Navajo Nation water rights case heard before Supreme Court
It’s the latest federal Indian law case to reach the high court
Legal fights over Colorado River water have been going on for more than a century but the latest challenge, from the Navajo Nation, comes in the midst of a historic drought that has sent reservoir levels in the river basin plunging to historic lows, as seen in this July 2022 photo of Lake Mead behind Hoover Dam. (Photo by Christopher Clark / Bureau of Reclamation)
The latest case involving Indian Country was argued Monday before the Supreme Court.
Arizona v. Navajo Nation, like many cases heard before the high court, is complicated and this case in particular deals with the tribe’s water rights as it relates to the Colorado River.
The two issues at hand are whether the U.S. Court of Appeals for the 9th Circuit erred in its judgment allowing the Navajo Nation “to proceed with a claim to enjoin the secretary of the U.S. Department of the Interior to develop a plan to meet the Navajo Nation’s water needs and manage the mainstream of the Colorado River in the Lower Basin” and can the tribe “state a cognizable claim for breach of trust consistent with this Court’s holding in Jicarilla based solely on unquantified implied rights to water under the Winters Doctrine” according to a document on the Supreme Court’s website.
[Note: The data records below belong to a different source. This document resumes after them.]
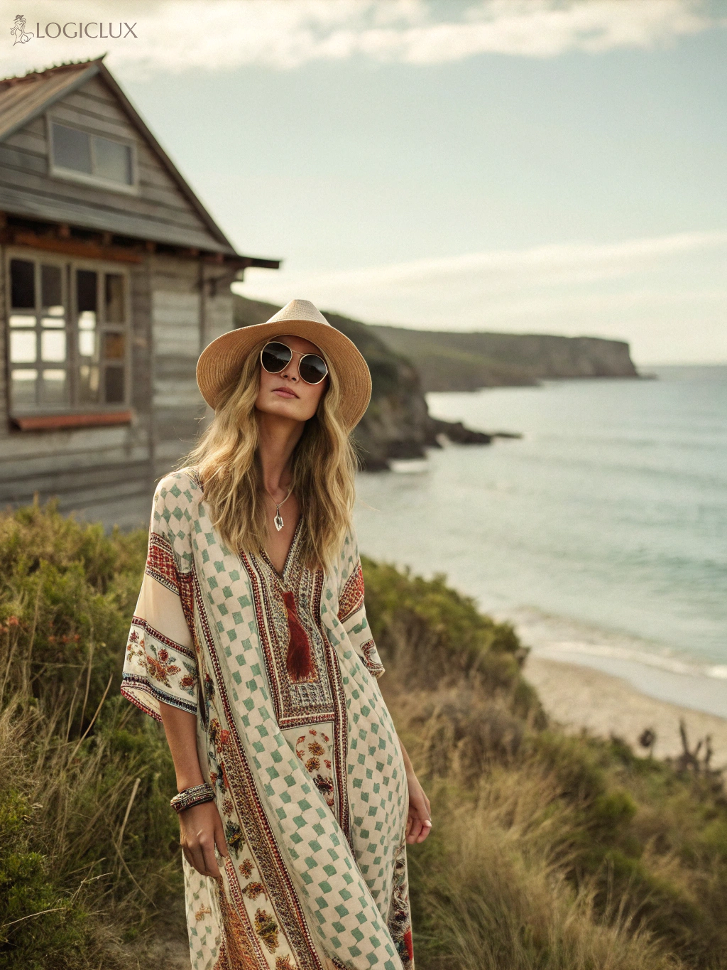 Contton & Linen Long Sleeve Kaftan Maxi Dress
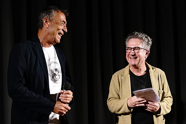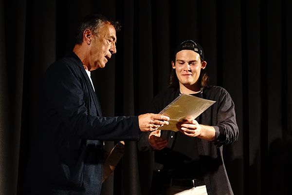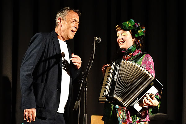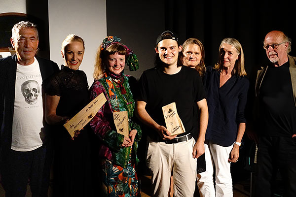 Vor der Übergabe der handgefertigten Trophäen und Urkunden sprach Moderator Helmut Jasbar mit Hubert von Goisern über seine Motivation für die Stiftung des Preises und bisherige Erfahrungen. "Ich will damit einen Beitrag zur Förderung von Talenten leisten," sagte Goisern, "und Künstler*innen unterstützen, die etwas zu sagen haben und für etwas brennen."
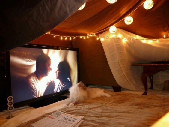 Βάλτε μαξιλάρια στο πάτωμα, απλώστε χοντρές κουβέρτες, κλείστε όλα τα φώτα, ανάψτε μικρά, χριστουγεννιάτικα φωτάκια και φτιάξτε ένα ζεστό καταφύγιο, που θα γίνει η αίθουσα προβολών σας.
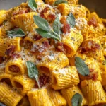 Add your drained rigatoni to the skillet, tossing it well to coat every piece with that creamy pumpkin sage sauce. Don’t forget to fold in the grated Parmesan cheese and half of that crispy pancetta. Adjust the seasoning with salt and pepper as needed for perfection.
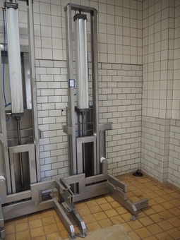 Tilting device for meat bins, tilting height: 1000 mm, total dimensions: 1050 mm x 900 mm x 2650 mm.
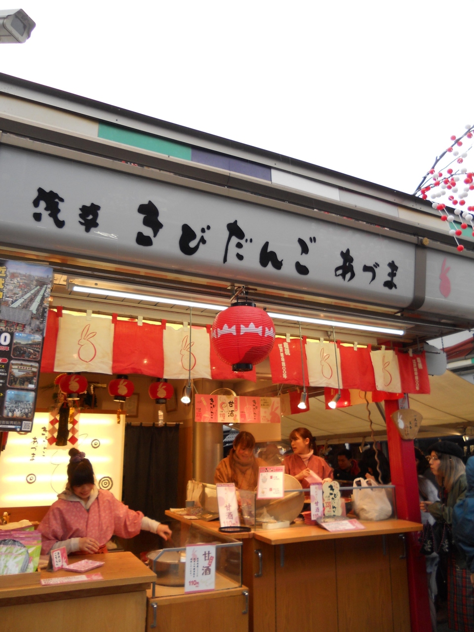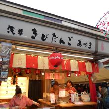 浅草の雷門から入り、「仲見世通り」を進むと左側4店舗目のきびだんごのお店です。店頭で実演販売がされているので、活気があって明るい店舗です。できたてのきびだんごは5本で300円と大変リーズナブルです。久々にきびだんごをいただきましたが、とっても美味しかったです。

The Winters Doctrine stems from a 1908 decision that states when Congress reserves land, it also reserves water sufficient to fulfill the purpose of the reservation.
Representing the United States, assistant to the U.S. Solicitor General Frederick Liu said that while the government may have a moral and political responsibility to address the tribe’s water needs, it does not have a judicially enforceable affirmative duty to do so.
Citing the Navajo Nation treaty of 1868, Liu added the treaty does not impose on the government a “duty to construct pipelines, pumps, or wells to deliver water.”
Rather, the tribe is free to develop its own infrastructure and access groundwater and aquifers instead of the main stem of the Colorado River.
“What the Navajo Nation cannot do, however, is to impose on the United States a duty that the government has never expressly accepted. Accordingly, the judgment below should be reversed,” Liu said in his opening statement.
Liu was pressed by Justice Elena Kagan on how the tribe’s water rights are unenforceable when they are included in the treaty.
“You’re saying, those rights are unenforceable, and I guess I don’t understand if the treaty promises water, where do you get the idea that that is unenforceable?” Kagan asked.
“The treaty does have vast water rights in the tribe, and those rights are enforceable including by the tribe, but the promise that we have allegedly breached here isn’t about violating those rights. It’s about violating affirmative duties to supply the water to the tribe,” Liu responded.